Public health officials have harped on actively taking steps to reduce obesity, but it seems for some genetically lucky individuals, reducing their body fat isn't as important.
A new review published by researchers at the University of Oxford and Churchill Hospital in the United Kingdom suggests that people who carry their body fat in their thighs and backside aren't just carrying extra weight, but also some extra protection against diabetes, heart disease and other conditions associated with obesity.
"It is the protective role of lower body, that is [thigh and backside] fat, that is striking. The protective properties of the lower body fat depot have been confirmed in many studies conducted in subjects with a wide range of age, BMI and co-morbidities," the researchers write in the most recent issue of the Journal of Obesity.
"If you're going to have fat, you're definitely better off if you've got some fat in the lower body," said Dr. Michael Jensen, director of endocrine research at the Mayo Clinic in Rochester, Minn. "If you look at people who have primarily the pear shape, they're healthy in all the ways that this fat behaves. It's not just less heart attacks or less diabetes, it's all these ways we think about fat as an important organ for our health."

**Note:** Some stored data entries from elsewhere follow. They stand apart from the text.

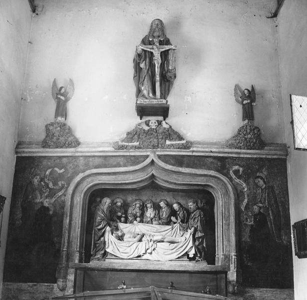 2 statues : anges ailés portant les attributs de la Passion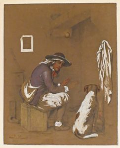 Dessin - Vernet, Carle (1758-1836).- Homme en costume traditionnel (breton ?) avec un chien. Dessin original, pierre noire avec rehauts à l'aquarelle rouge et bleue et à la gouache blanche, papier brun, 27 x 21,5 cm, signé et daté "1827" en bas...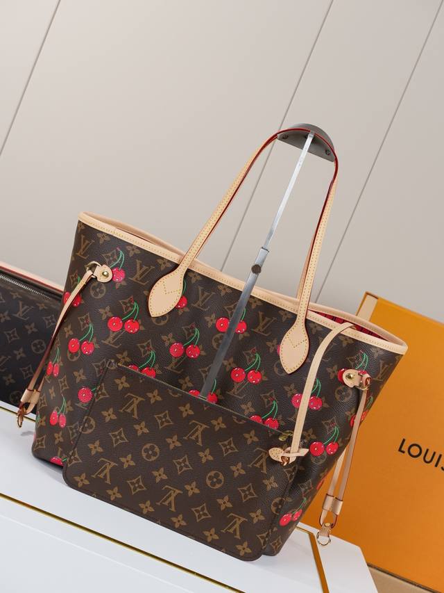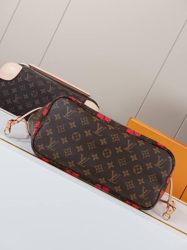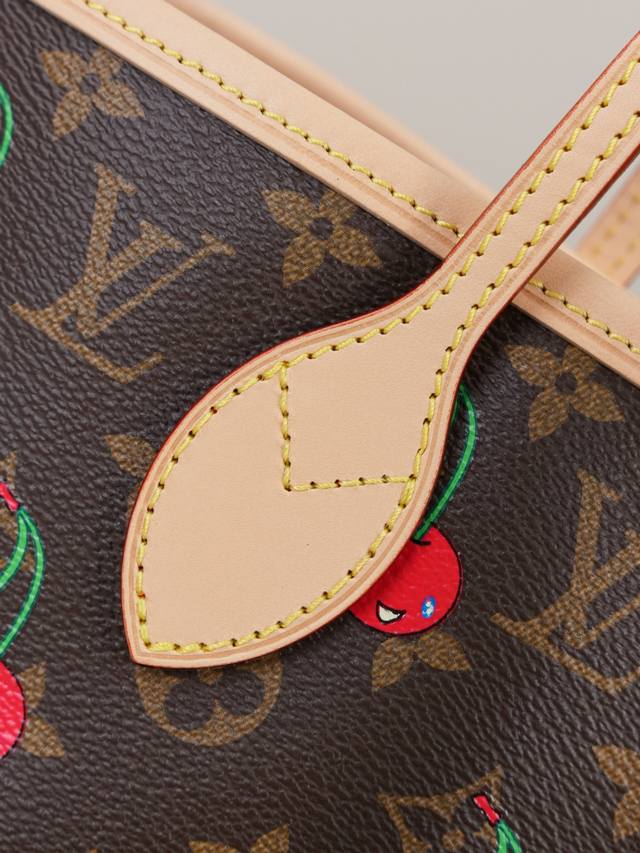 动态163C01芯片 M13263樱桃 顶级原单 独家背景实拍 本款 Neverfull 中号手袋以灵动笔触重绎路易威登 X 村上隆复刻系列的欢快元素,令甜美樱桃图案栖身于 Monogram 涂层帆布,与醒目条纹内衬共同道出艺术家标志性的色彩美学。牛皮革饰边完善经典格调。

For years, researchers have looked into the idea that not all fat is created equal. People who carry their fat in their stomachs, also known as "apple-shaped" people, are said to have more problems from obesity than those who carry their fat in their hips
People who carry their fat in their thighs and backsides -- otherwise known as their gluteofemoral region -- appear to be in a similar class to those with fat in their hips.

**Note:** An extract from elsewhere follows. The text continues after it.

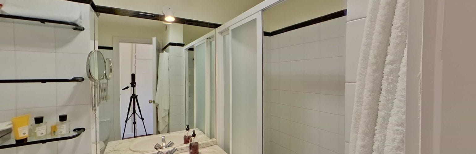 En la zona de descanso encontramos tres dormitorios con armarios empotrados. El principal dispone de baño en suite con bañera y mampara, mientras que el segundo baño, recientemente renovado, ofrece una moderna ducha con mampara.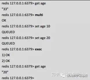 这个例子可以看到:两个set命令发出后并没有立即执行而是放到队列中,redis接受到exec命令才开始执行。

"There's a lot of evidence that shows that the fat depots are not the same in the body," said Dr. Robert Kushner, a professor medicine specializing in obesity at Northwestern Memorial Hospital in Chicago.
He explained that the fat stored in the stomach is harmful because "it is more metabolically active," sending fatty contents and messages throughout the body, whereas fat in the lower regions of the body tends to be more stable and release fewer cytokines, which have been implicated in the insulin resistance that can lead to diabetes.
"There's a whole range of these hormonal markers that seem to be more preferentially released from the belly," said Kushner.
But it is unclear if the fat in the thighs and backside are better for you than simply being thin, experts say.
"If you're a healthy thin weight, you're going to be every bit as healthy as someone who has weight, but has all the weight in the lower body," said Jensen.
But while lower body fat may be healthier than upper body fat, at this point people have little control over where their body chooses to store its fat, with spot-toning a myth and the only options coming from pharmaceutical side effects.
"You can't direct or drive the fat in one part of your body versus another," said Kushner. "For the average person on the street, it's determined by genetics."
He noted, however, that "One can develop, perhaps, medication to deposit in one area," a possibility noted by the authors of the review who point out that it is one effect of some existing diabetes drugs.
While the review seems to indicate that having fat lower down can be a good thing, not all experts are convinced.
"I think that the article makes a fairly compelling point that there are likely differences between these two fat stores," said Floyd Chilton, a professor of physiology and pharmacology at Wake Forest University Baptist Medical Center in Winston-Salem, N.C. "But I think it certainly falls short in making a convincing argument that one is protective and the other is the major source of the problem."
Some of the measurements, he explained, were not performed in a way that would allow for a conclusive judgment. For example, he said a number of studies cited by the researchers used hip circumference to determine where fat was being stored.
Chilton noted that many of the diseases discussed by researchers of the study -- including heart disease and diabetes -- have been connected to inflammation in the body.
"Many of them are increasing in incidence at a very similar rate to the dramatic increase in obesity," he said.
While he is not yet sure that lower body fat can be said to be protective, Chilton said that recent years have shown that biomarkers have helped give a more nuanced picture of how the body regulates itself -- and how conditions like obesity really affect the body.
He gave leptin as an example, a recently discovered hormone found to have a role in regulating appetite -- and one that may be ignored by a more obese body.
"Leptin in particular is a fascinating one, because like insulin, people who are obese develop leptin resistance, where their brain is no longer responding to leptin," said Chilton.
It remains to be seen how much doctors can change about what these biomarkers are doing.